Can I balance transfer to a current account?
"I want to move my credit card balance to a current account so that I can pay back an overdraft without interest."
"Can I do that with a normal 0% balance transfer deal?"
Some balance transfer deals do allow money - or, rather, credit - to be moved directly into a current account.
In official credit card speak, the facility is called a money transfer.
We like to call it a super balance transfer.
Keep reading to find one or, if you just want to find more information, skip ahead to our step by step guide.
Which card providers offer 0% transfers to current accounts?
Here are the three currently available options:
|Money Transfer to Current Account||Transfer Fee|
|Virgin Money||0% for 29 months|
|Representative Example: 18.9% p.a. variable on purchases. This is equivalent to 18.9% APR representative variable based on a credit limit of £1,200. Virgin Money plc. Registered Office: Jubilee House, Gosforth, Newcastle upon Tyne NE3 4PL.|
Search for more 0% balance transfer to current account deals on our main comparison table here.
You can check the 'to current account' box to find these deals and sort results by factors such as the transfer fee and other offers like 0% purchases periods.
As we said, however, there aren't many of these deals around so it's worth searching a little harder than you might with other offers.
Finding deals pro tip 1:
keep your eye on these providers
Not very many companies offer money transfer services so it might be useful to keep an eye on the following specific providers when looking for deals.
MBNA credit cards have offered various money transfer deals at zero interest over the past few years even while their business was for sale.
Virgin Money credit cards have also offered these deals for a number of years, as have AA branded credit cards.
Both credit businesses are ultimately run by MBNA.
Finding deals pro tip 2:
check that small print
It's also worth noting as you search that a money transfer is rarely a key selling point for a card.
The aspect is often poorly advertised, appearing on an inside page or in the small print.
We go to considerable lengths to ensure that the information on our site is accurate but if you're in any doubt about whether a money transfer facility is available with a specific card check with the provider before signing up.
How to do a money transfer
Money transfers work in a similar way to normal balance transfers (where the balance is moved to another card, find out more here) but don't be fooled into thinking that it's exactly the same.
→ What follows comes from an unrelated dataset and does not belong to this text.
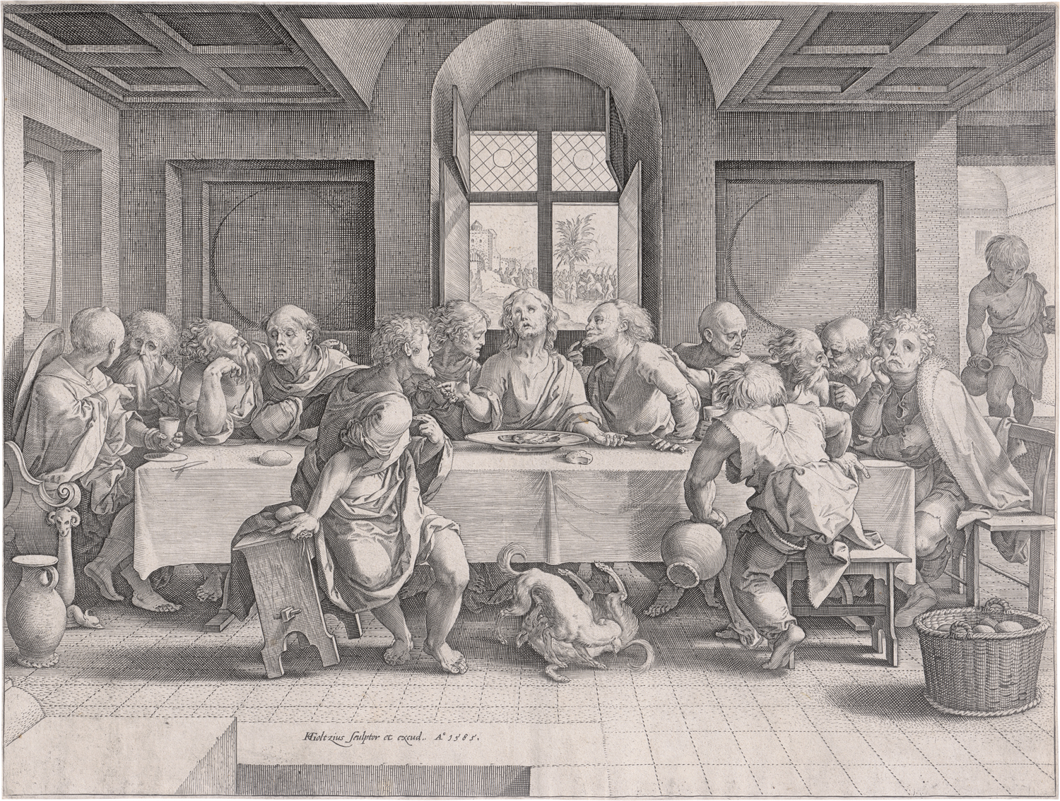 Das letzte Abendmahl. Kupferstich nach Pieter Coecke van Aelst. 27,9 x 36,8 cm. 1585. B. 39, Hollstein 33 I (von II), Leesberg (New Hollstein) 324 II (von III). Wz. Gekröntes Wappen von Burgund und Österreich (vgl. New Hollstein, Muller Dynasty, Bd. II, S. 293, Nr. 1 a-b; Briquet 2293: 1587).

Here's how the process works in three steps.
1. The card application
Before making an application to a specific money transfer deal it's worth being aware of two things: the credit history required to apply and the fees that might make the offer a better or worse deal.
Application criteria: Both 0% balance transfers and money transfer credit cards are notorious for being marketed towards people with a good to excellent credit rating.
It's worth carefully checking application criteria and maybe even taking some precautionary measures, like take a look at credit reports - more information here - for insight into what lenders will see on application.
There are limited money transfer offers available for those that believe their credit history may be poor but, following a successful, attention grabbing Capital One deal, the market is opening up.
Find out more about options for those with damaged credit histories in our full guide on this subject, available here.
Transfer fees: The other thing it's well being aware of are fees which, along with the 0% period - see below, will determine whether the offer is a good deal.
Money transfers are sometimes charged a higher fee than those to other cards.
In general providers charge around an extra 1-2% on their standard fees.
There is some competition in the market at the moment for reducing fees, but this has yet to knock into money transfers, which are still typically around 3% to 4% of the amount moved.
It may not be financially worthwhile to make a transfer, taking into account the fees necessary.
Of course, that also depends on the reason behind making a transfer to a standard bank account in the first place. See this guide for the many reasons that people choose to do so as well as some possible alternatives on offer if fees are too high.
2. The money transfer application
Once a successful application is made, it's time for another application: this time for the money transfer.
It is important to ensure you 'transfer' the money under the correct deal.
Most card providers allow their customers to make the transfer using online banking and should have it specified as a separate option to normal balance transfers.
If making a money transfer using telephone banking, simply ask for something along the following lines:
- I want to make a 0% money transfer
- I'd like to transfer £X from my card to a current account
- Can I make a money transfer from this account please?
If the credit card is offering a money transfer under a special offer or introductory deal, make sure to mention that as well.
What not to ask for though is a super balance transfer, that's a term only super lame consumer sites (and us) use so it might be confusing for the operator.
Note that some credit card providers specify that the amount can't be used to fund any old current account but only one that is in the same name as the credit card.
3. Paying off at 0%
Once the amount is transferred, it's essential to pay off within the 0% period.
Outside of the introductory period the amount will often be subject to a higher standard interest rate than for normal balance transfers which means that, if the amount has been moved to counteract interest on an overdraft or loan, it will almost certainly be more expensive to hold the balance on the card than it would have been to leave it.